To find out how these contract boundaries work, you may wish to conduct
some experiments:
@itemlist[#:style 'ordered
@item{Add the following line to the bottom of the file:
@;%
@(begin
#reader scribble/comment-reader
(racketblock
(celsius->fahrenheit -300)
))
@;%
Save to file and observe how the contract system blames this line and what
the blame report tells you.}

@item{Replace the body of the @racket[celsius->fahrenheit] function with
@racketblock[(sqrt c)]
Once again, run the program and study the contract
exceptions, in particular observe which party gets blamed.}

@item{Change the right-hand side of @racket[AbsoluteC] to
@racket[-273.15i], i.e., a complex number. This time a different contract
party gets blamed.}
]
The screen shot below shows that @racket[define/contract] works for
mutually recursive functions with modules. This capability is unique to
@racket[define/contract].

@image["mut-rec-contracts.png" #:scale .8]{Mutually recursive functions with contracts}

In contrast, submodules act exactly like plain modules when it comes to
contract boundaries.
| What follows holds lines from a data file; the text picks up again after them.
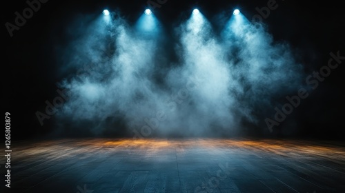 A beautifully lit stage surrounded by fog, evoking a sense of drama and mystery, perfect for a captivating performance or an artistic showcase of talent.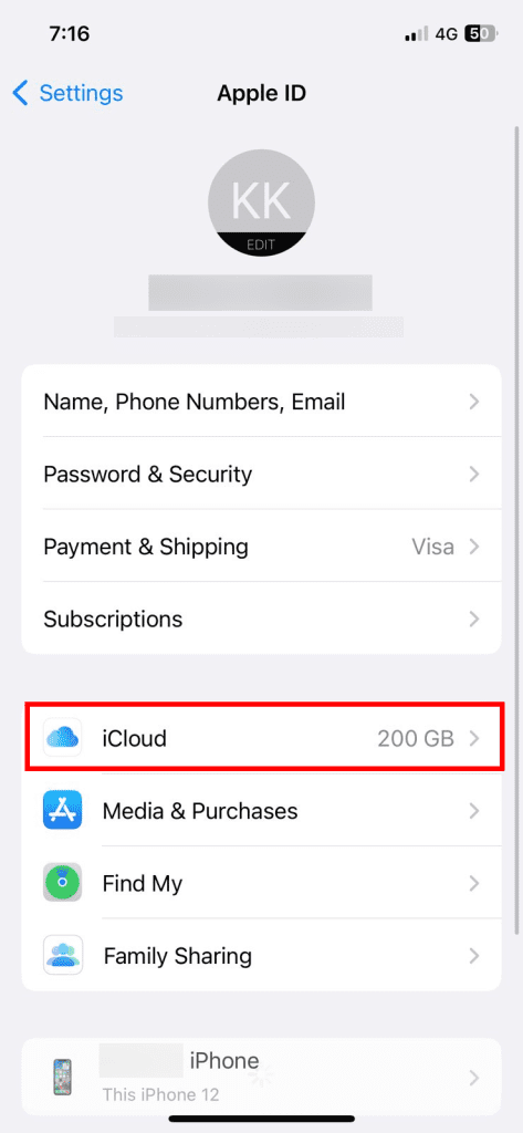 - 单击您的苹果ID并选择左上角iCloud。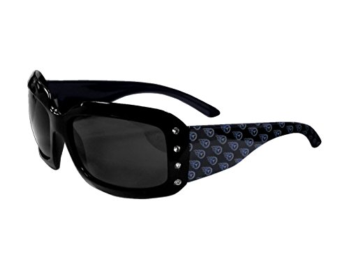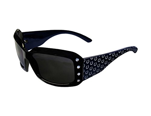 Our designer women's sunglasses have a repeating team logo design on the team colored arms and rhinestone accents. 100% UVA/UVB protection.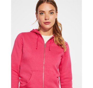 Questa felpa da donna con cappuccio rivestito in tinta è un capo di abbigliamento versatile. La cerniera...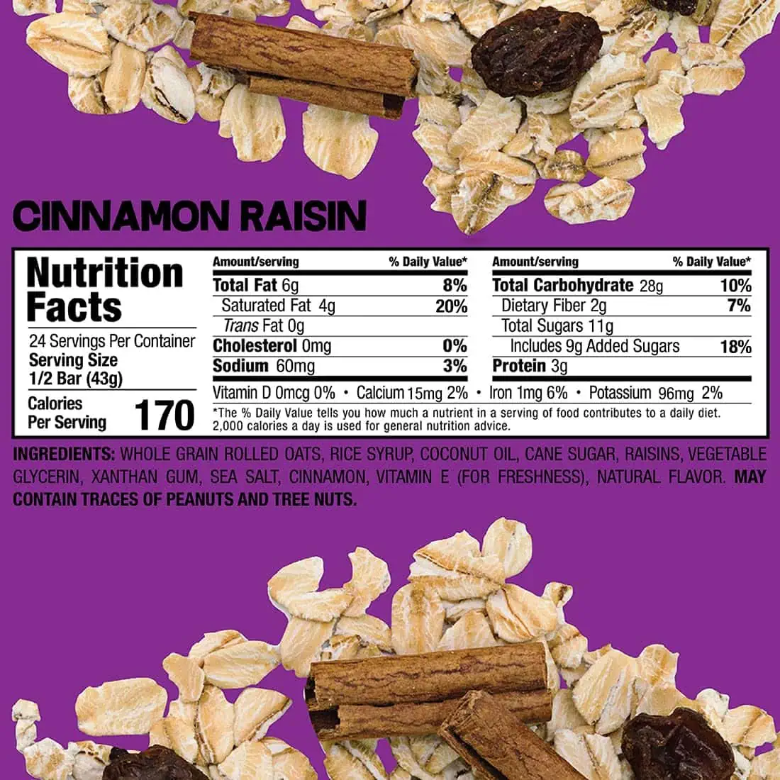 - Our Cinnamon Raisin oat bar has gained many loyalists over the years. Its followers swear by the bar as their only favorite – and for good reason. Its sweet cinnamon smell takes you back to your childhood kitchen, but the hearty oats and sweet raisins power you throughout your day. This bar is great for that mid-afternoon snack.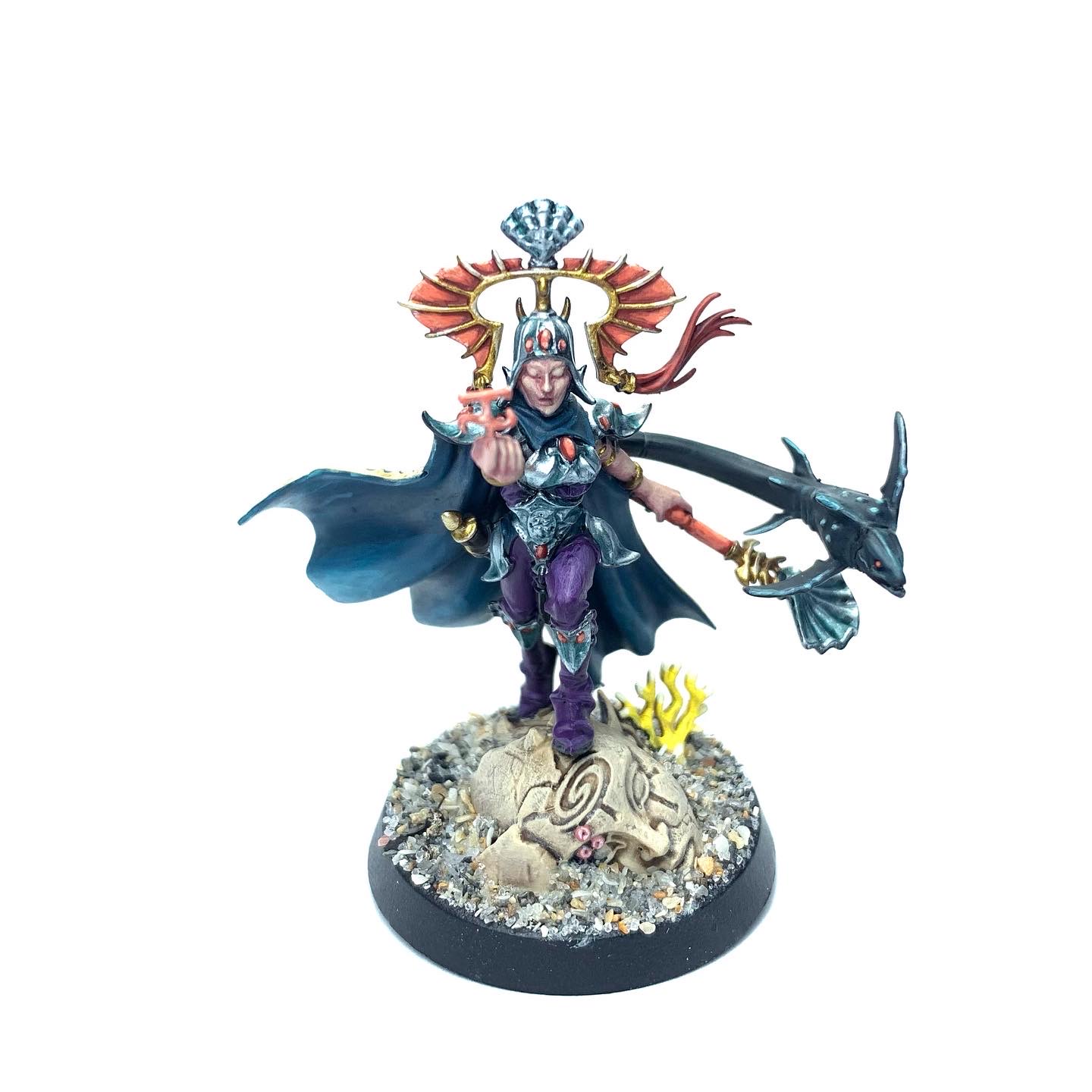 In the lore, Idoneth were a sort of "first draft" for Teclis when creating Aelves for the new Mortal Realms, before he settled on the Lumineth. This early experiment didn't go so well, creating horrific soulless abominations. Teclis could not bear to look at them and attempted to exterminate them all, but they fled into the depths of the boundless oceans of the Realms and hid. Teclis stayed his hands and left, and the Idoneth became deep sea raiders who swim to the shoes of unsuspecting villages and steal away innocents to harvest their souls. As the Idoneth have no souls, most who see them and survive do not remember the encounter, only recalling a faint shimmering outline.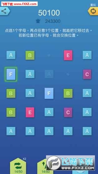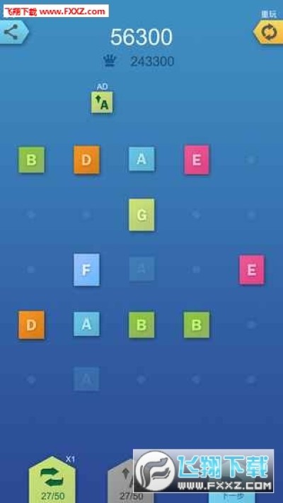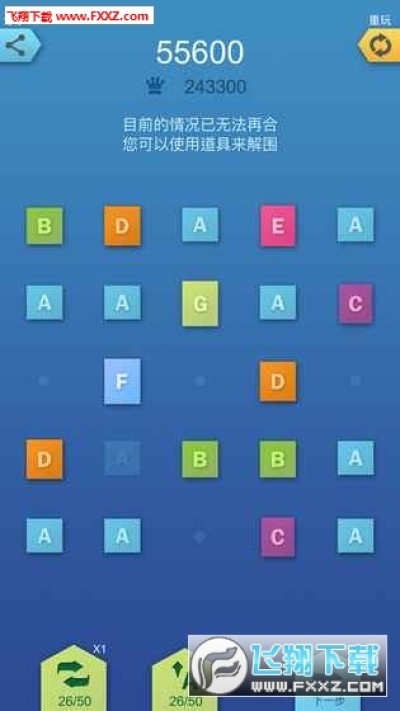 合他个ABC游戏是一款十分好玩的休闲益智小游戏,极度烧脑的排列组合合成类型的玩法,2个或4个字母在交叉列或交叉行上可以合并成下一个字母,当你合成的字母越多,你的分数就会越高,喜欢的小伙伴赶紧来下载这款合他个ABC游戏吧~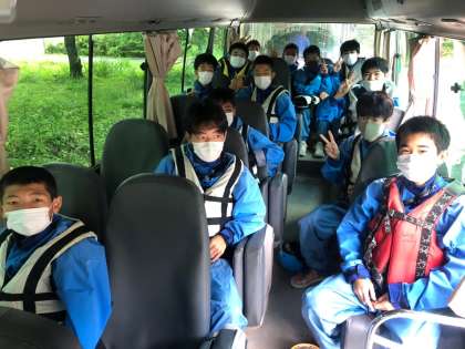 朝イチは、ラフティングです!着替えをして、移動中です。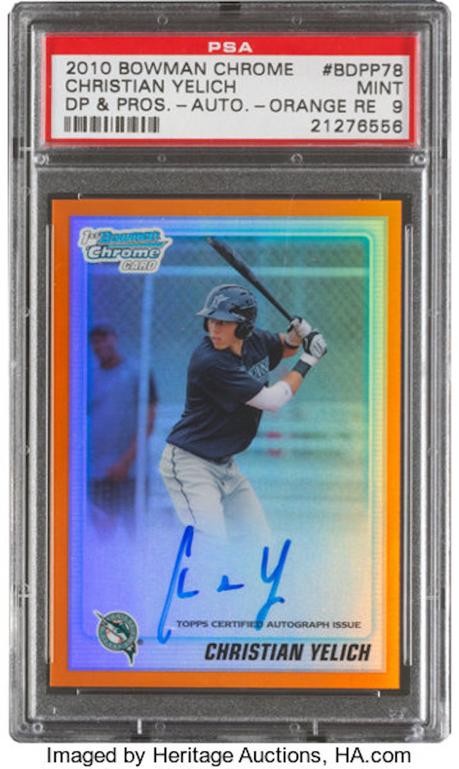 - 2010 Bowman Chrome Draft Prospect Autograph Orange Refractor Christian Yelich 5/25 #BDPP78, PSA 9 — sold for $8,700.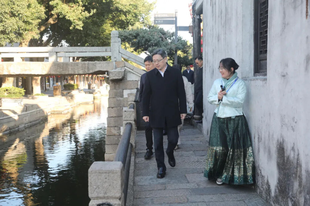在西塘古鎮(zhèn),考察組實(shí)地察看明清古建筑保護(hù)、非遺傳承及文旅融合發(fā)展成果。金曉明強(qiáng)調(diào),青浦與嘉善同屬江南水鄉(xiāng),文化同源、生態(tài)相依,要以長(zhǎng)三角示范區(qū)建設(shè)為契機(jī),學(xué)習(xí)西塘在文化遺產(chǎn)保護(hù)與旅游開(kāi)發(fā)平衡上的成功實(shí)踐,深化兩地文旅資源互聯(lián)互通,共同打造長(zhǎng)三角文旅融合新高地。青浦要立足長(zhǎng)三角示范區(qū)核心區(qū)定位,主動(dòng)聯(lián)動(dòng)吳江、嘉善,持續(xù)強(qiáng)化戰(zhàn)略協(xié)同、政策協(xié)同、工作協(xié)同,在科創(chuàng)協(xié)同、文旅共興、生態(tài)共治等領(lǐng)域探索更多跨區(qū)域合作新路徑,以三地一體化發(fā)展的實(shí)際成效,為長(zhǎng)三角生態(tài)綠色一體化發(fā)展示范區(qū)建設(shè)注入更強(qiáng)動(dòng)力,為全國(guó)區(qū)域協(xié)調(diào)發(fā)展提供可復(fù)制、可推廣的經(jīng)驗(yàn)。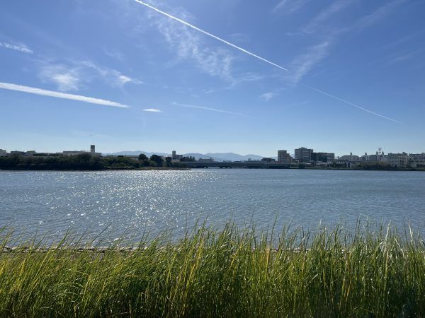 多々良川の遊歩道は、JR九州の列車や西鉄電車、飛行機、野鳥たちにも出会えるスポットです。その真隣にあるカフェminamo(ミナモ)で思い思いの時間を過ごしてみてはいかがでしょうか!!
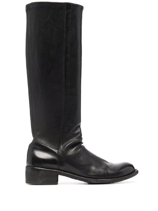 Longueur mollet, bout rond, fermeture zippée sur le côté, fini poli. Couleur : noir. Matière : cuir.
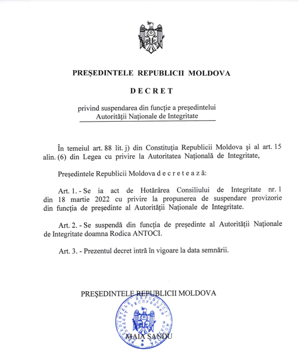 DOC Este oficial. Președinta Sandu a semnat decretul privind suspendarea Rodicăi Antoci din funcția de președintă a Autorității Naționale de Integritate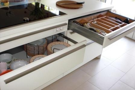 Wir sind grundsätzlich sehr zufrieden im täglichen Gebrauch und es ist auch alles sehr anwenderfreundlich angeordent. Wir kommen also sehr gut zurecht. Die Schubladen/Schränke bieten sehr viel Platz, der auch tatsächlich noch nicht ausgenutzt ist. Dies liegt wohl auch daran, dass wir direkt nebenan einen HWR haben, wo sowohl die Vorratshaltung wie auch die Unterbringung von größeren Küchenmaschinen ist.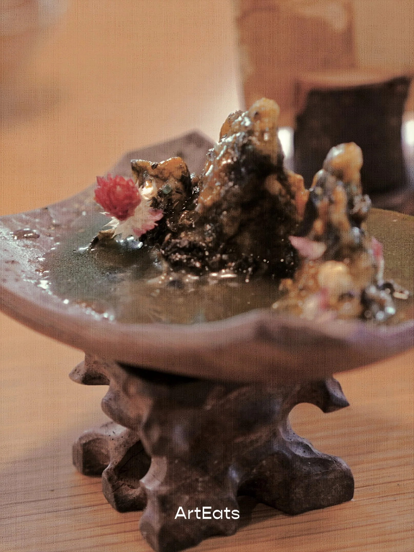 Rooted in introspection and poetic restraint, through delicate flavors and mindful arrangement, we explore how mountains and rivers become metaphors for solitude, harmony, and the taste of inner freedom and life’s impermanence. We make edible landscapes like the ancient literati artists.
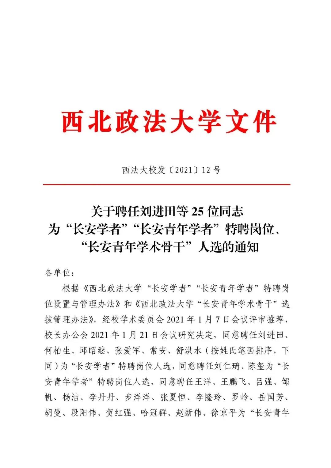 根据《西北政法大学“长安青年学术骨干”选拔管理办法》,经个人申报,单位推荐,校学术委员会2021年1月7日会议评议推荐,校长办公会2021年1月21日会议研究决定,足球直播88 刘进田教授获聘为“长安学者"特聘岗位人选,岳国芳副教授获聘为“长安青年学术骨干”人选。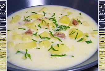 Faites dorer le bacon et l’ail dans une casserole à fond épais. Ajoutez les pommes de terre que vous aurez pelées et coupées en morceaux pas trop gros. Ajoutez ensuite le bouillon et les 3/4 de l’eau. Portez à ébullition puis laissez frémir jusqu’à ce que les pommes de terre soient tendres. Si la soupe vous parait trop épaisse pendant la cuisson rajoutez un peu d’eau - attention vous allez rajouter de la crème. En fin de cuisson, ajoutez la crème et mélangez sur le feu sans laisser bouillir, jusqu’à ce que le mélange soit chaud. Retirez du feu, ajoutez le persil et répartissez la soupe dans les assiettes.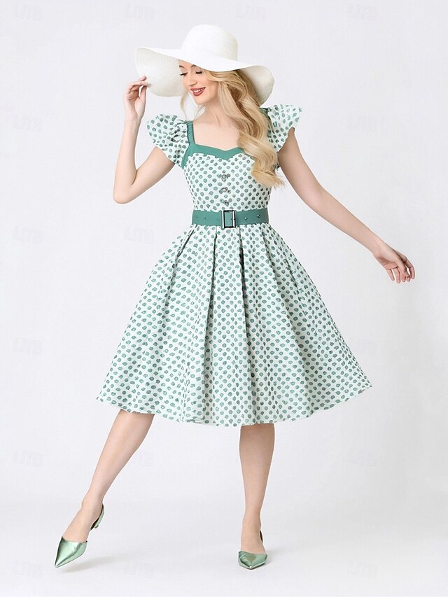 More information about Retro Vintage 1950s Rockabilly Midi Swing Dress Flare Dress With Belt Polka Dot Fancy Dress Women's Carnival Masquerade Vacation Daily Wear Retro Theme Party Adults' Dress Spring & Summer

Like @racket[define/contract], a submodule establishes
a contract boundary between itself and the rest of the module. Any value
flow between a client module and the submodule is governed by
contracts. Any value flow within the submodule is free of any constraints.

@codebox[
@(begin
#reader scribble/comment-reader
 (racketmod0 #:file
 @tt{graph-traversal.rkt}
 racket
 ...
 (module traversal racket
   (provide
    (contract-out
     (find-path (-> graph? node? node? (option/c path?)))))

   (require (submod ".." graph) (submod ".." contract))

   (define (find-path G s d (visited history0))
     (cond
       [(node=? s d) '()]
       [(been-here? s visited) #f]
       [else (define neighbors (node-neighbors G s))
	     (define there (record s visited))
	     (define path (find-path* G neighbors d there))
	     (if path (cons s path) #f)]))

   (define (find-path* G s* d visited)
     (cond
       [(empty? s*) #f]
       [else (or (find-path G (first s*) d visited)
		 (find-path* G (rest s*) d visited))]))

   (define (node-neighbors G n)
     (rest (assq n G))))

 (module+ test
   (require (submod ".." traversal) (submod ".." graph))
   (find-path G 'a 'd))
))]
@;%

Since modules and submodules cannot refer to each other in a mutual
recursive fashion, submodule contract boundaries cannot enforce constraints
on mutually recursive functions. It would thus be impossible to distribute
the @racket[find-path] and @racket[find-path*] functions from the preceding
code display into two distinct submodules.